私は直ぐさま産屋敷邸へ戻る。【陽光反転】の効力は切れ元の体質へ戻る。
有耶無耶になってしまった柱合会議。
炭治郎と禰豆子は一応は剣士として認められた。満身創痍のためカナエちゃんの蝶屋敷で預かってくれるという。
カナエちゃんなら安心だ。【常中】のことについてもお願いしようかな。
私は【新月】たる彼女達の抹殺を公式に受けることになる。
【柱】の彼等には【鬼舞辻】側に集中して欲しいから私の単独の使命だ。
「……構わないんだね麟さん」
「もちろん。
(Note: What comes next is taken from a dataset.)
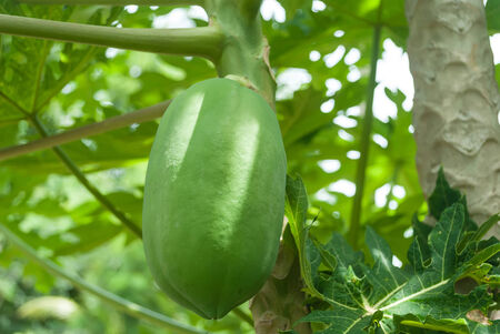 green papaya, fresh papaya on the tree. Planted in the garden in the house.
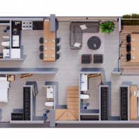 Este departamento se caracteriza por tener un rooftop con cuarta habitación, área social, bar y piscina.

私への恨みあるものもいますし【真白】という【見えざる月】の中核の鬼には因縁あるしね」
私は使命を理由に存命を許される。
こうして解散となる。錆兎は何か言いたそうだったけれど私は帰宅する。
「…麟様?」
「………………ごめんもう休むね」
「はい、お休みなさい」
自室へ入り寝転ぶ。
「………華姉……………」
記憶の綻びからの【あの人】を思い出した。
それがたまらず嬉しかった。
ああ、私は………少し取り戻せた気がした。
どうか、また忘れないことを祈る。
次回新章【夢幻列車】編突入。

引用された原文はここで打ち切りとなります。